■ THE PROBLEM ■
Of the records that follow, copy only the lines from the line containing "(Foto: Omar Fonseca)." to the line containing "Los trabajos consistieron", both included, exactly as written.

■ DATA RECORDS ■
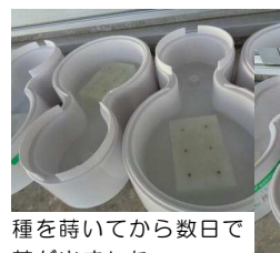
種を蒔いてから数日で芽が出ました。

リーフレタスと小松菜栽培 技術の時間で、リーフレタスと小松菜を栽培しています。毎日どんどん成長していくのが楽しみです。早く大きくな～れ♪
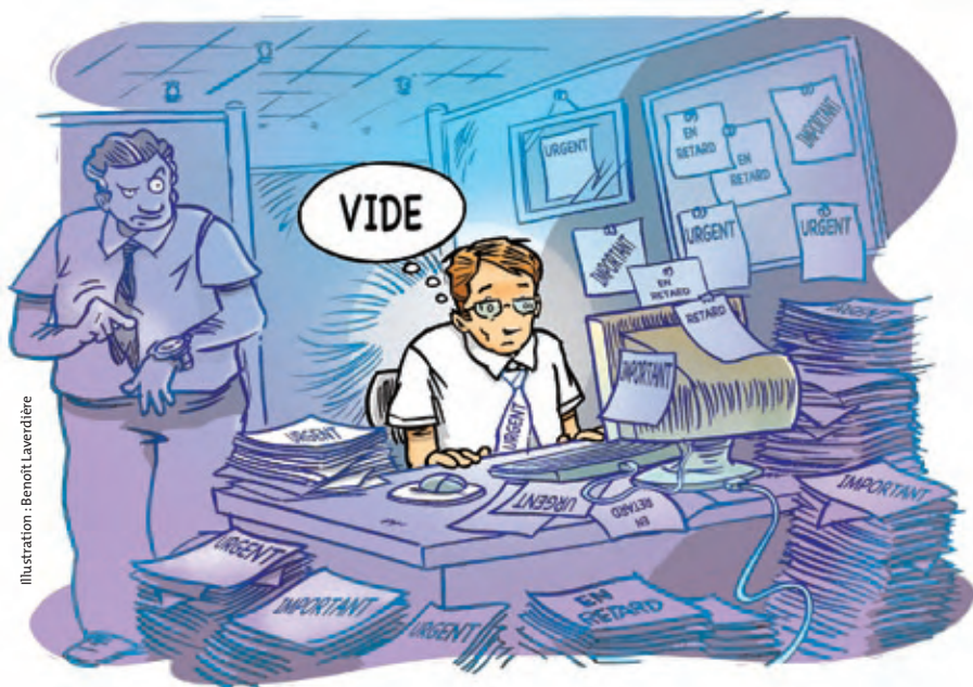
Illustration : Benoit Laverdière
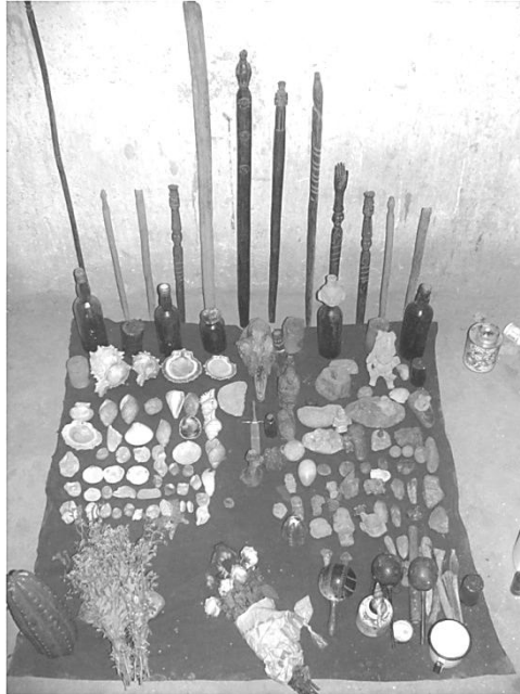
Figura 9. “Mesa” del maestro curandero Leoncio Carrión (Omballec) (†): objetos (“artes”) y varas. De izquierda a derecha, los campos: ganadero (Izq.), centro, y justiciero (derecha) (Foto: Omar Fonseca).

Los trabajos consistieron en “mesadas” o rituales a cargo de los maestros curanderos ante su altar ritual, llamado “mesa” 7 (Figura 9), durante la noche del viernes 20 y antes de la salida del sol del sábado 21 de mayo.
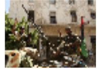
بعد سقوط القذافي.. من يقدر على توحيد ليبيا
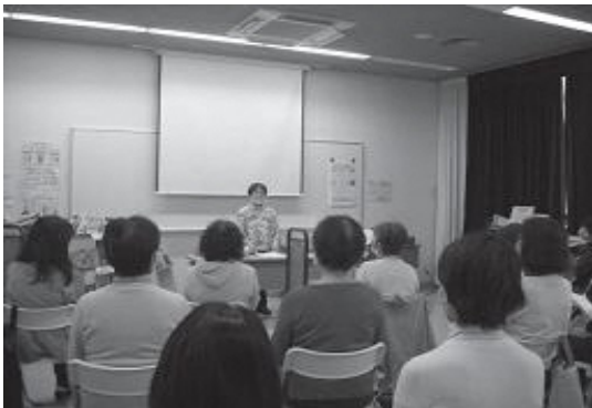
金沢図書館「わらべうたと絵本の会ボランティア講座」
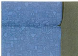
ヴィジュアルディデラックス (ブルー・ファブリック) (SLパッケージ®) ※ボディカラー ①②④⑥⑦⑧ 選択時

■ THE ANSWER ■
Figura 9. “Mesa” del maestro curandero Leoncio Carrión (Omballec) (†): objetos (“artes”) y varas. De izquierda a derecha, los campos: ganadero (Izq.), centro, y justiciero (derecha) (Foto: Omar Fonseca).

Los trabajos consistieron en “mesadas” o rituales a cargo de los maestros curanderos ante su altar ritual, llamado “mesa” 7 (Figura 9), durante la noche del viernes 20 y antes de la salida del sol del sábado 21 de mayo.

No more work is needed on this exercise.